Is it possible to read the last time the output file was modified in the remote folder? Or from retrieved files?

AiiDA does not store any metadata of the files in its file repository. However, if the remote folder still exists, you can check the timestamps of those files, for example the _scheduler-stderr.txt to get an idea of when it was last written to.

That is what I want to do. But I do not know how to check the timestamps of that file in the remote folder!

Hi,
I agree with Sebastiaan, but depending on your needed precision (do you need second-precision, or an error of up to a minute is OK?) and if your daemon was correctly running at the time the calculations crashed, probably the time of the parsed results node will be ~30-60s later than the end time and could be good enough.

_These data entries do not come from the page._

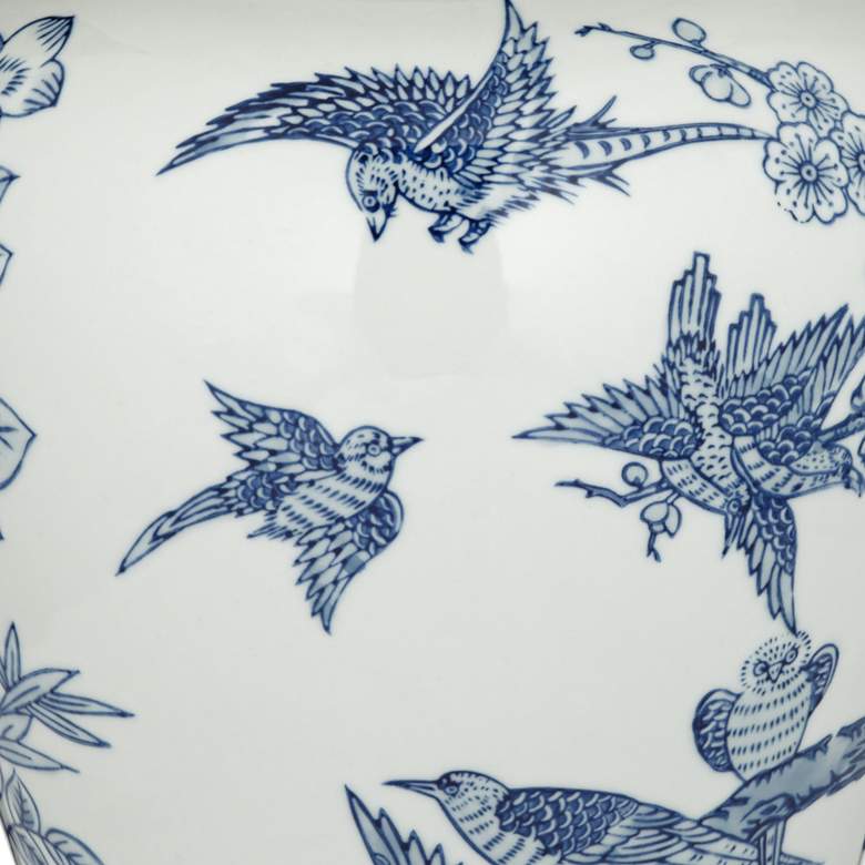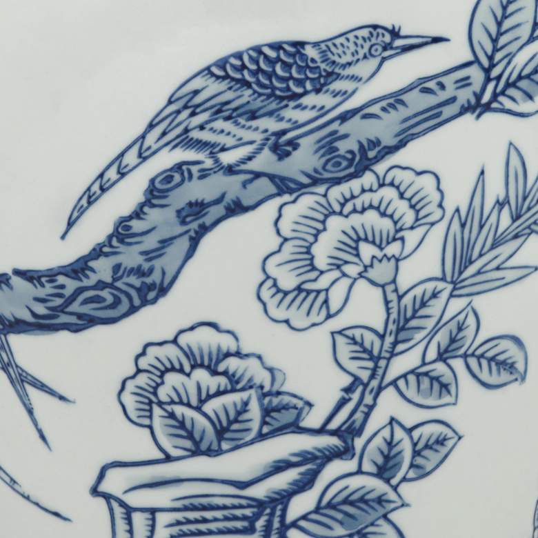 - Blue bird, flower and vine patterns on white background. Glossy finish. Ceramic construction.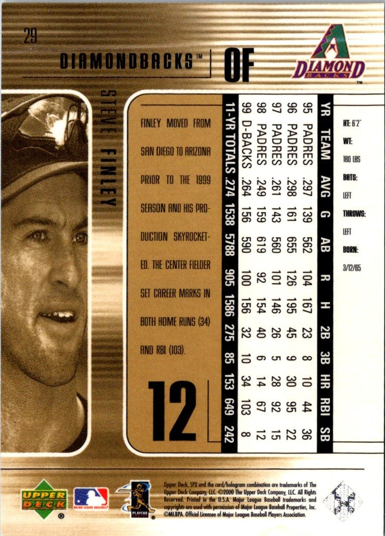 Steve Finley #29 Arizona Diamondbacks is a must-have item for any baseball enthusiast's collection. This 2000 SPx card features an action shot of Finley in his Diamondbacks uniform as he swings for a hit. With sharp colors and bold lettering, this card is sure to make a statement in any fan's collection. Finley was a three-time All-Star and a two-time Gold Glove Award winner during his 18-year career. This card is a great way to honor the legacy of one of the greatest players to ever wear the Diamondbacks uniform. Add this card to your collection today and show your admiration for one of baseball's greatest players.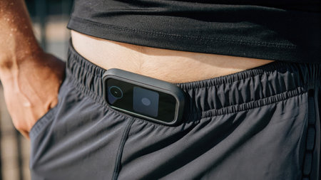 A closeup examination of fitnessfocused shorts showcasing a digital display integrated into the waistband that provides workout summaries and health metrics without a bulky form.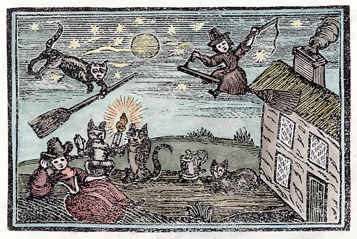 Lead image: The cat as the witch’s familiar in the 17th century, woodcut. Credit: Mary Evans Picture Library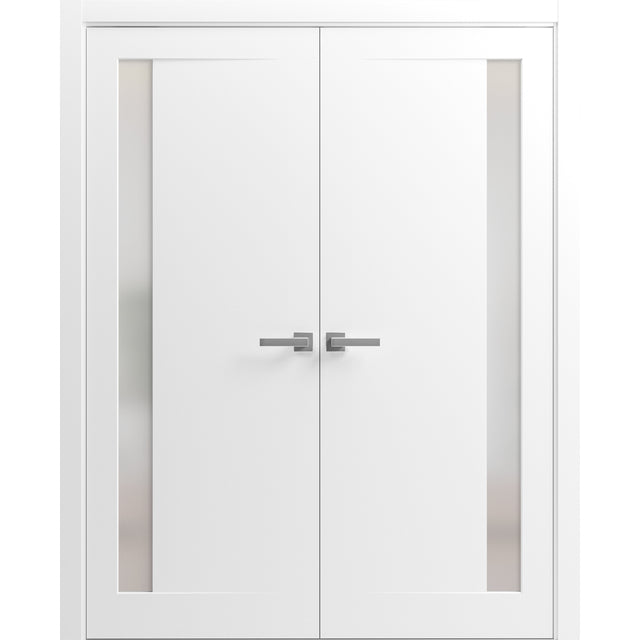 Planum Solid French Double Doors | Planum 0660 Painted White with Frosted Glass | Wood Solid Panel Frame Trims | Closet Bedroom Sturdy Doors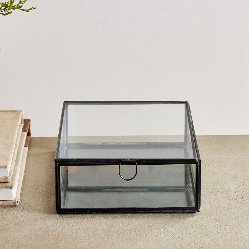 Simple and tailored, this glass and brass box is designed to hold your most treasured mementos. A brass mesh layer adds a unique and handsome detail to the bottom.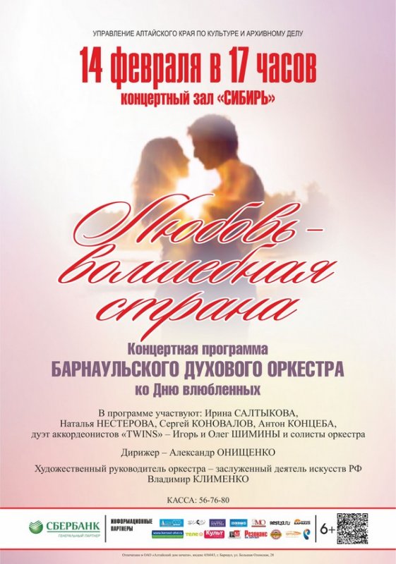 Именно такие произведения включены в концертную программу Барнаульского духового оркестра «Любовь – волшебная страна». Также под влиянием любви композиторы совместно с поэтами выражают свои чувства в виде песни. «О любви, не мало песен сложено…»- и это тоже о нашей программе, в которой прозвучит лишь малая часть из них – замечательных, имеющих самую широкую возрастную аудиторию, наполненных нежностью, грустью и хорошим настроением.

From AiiDA’s point of view, indeed, the start time is unknown, you have to hope that either the job wrote it, or you have the info in the scheduler.

I’d recommend to double check again the last_job_info (or similarly named) attribute of the calcjob. We introduced it at the very beginning of AiiDA exactly for this purpose. There was a bug fixed several months ago, so it might not be there if you have an “oldish” version of AiiDA, but otherwise you should have it. If you have slurm, the info should be there, the command was working 10 years ago so I doubt you have a SLURM version without the sacct command (unless you have a version with a different command line… in which case, it would be useful for us to know so we can improve the SLURM plugin).

It would be very useful for us to know if you have it or not, if it’s empty, etc.

In any case, if none of the above works/applies, here is some code using AiiDA to simplify connecting via SSH to the computer and get file information, assuming the variable calcjobnode is the CalcJob node:

path = calcjobnode.outputs.remote_folder.get_remote_path()
# Here you will have to append a filename to the path (that is just the remote folder),
# e.g. path = os.path.append(path, '_scheduler-stderr.txt') or similar
computer = calcjobnode.computer
with calcjobnode.get_transport() as t:
    mode = t.get_attribute(path)

print(mode)

This will return a FileAttribute object, similar to this:

FileAttribute({'st_size': 2596, 'st_uid': 501, 'st_gid': 20, 'st_mode': 33188, 'st_atime': 1702307526.9606802, 'st_mtime': 1702307520.9999373})

where you have UID, GID, file size, file mode, and also atime and mtime. These should follow the output of the stat module, so check the docs there for the meaning of the various times and how to convert to actual times.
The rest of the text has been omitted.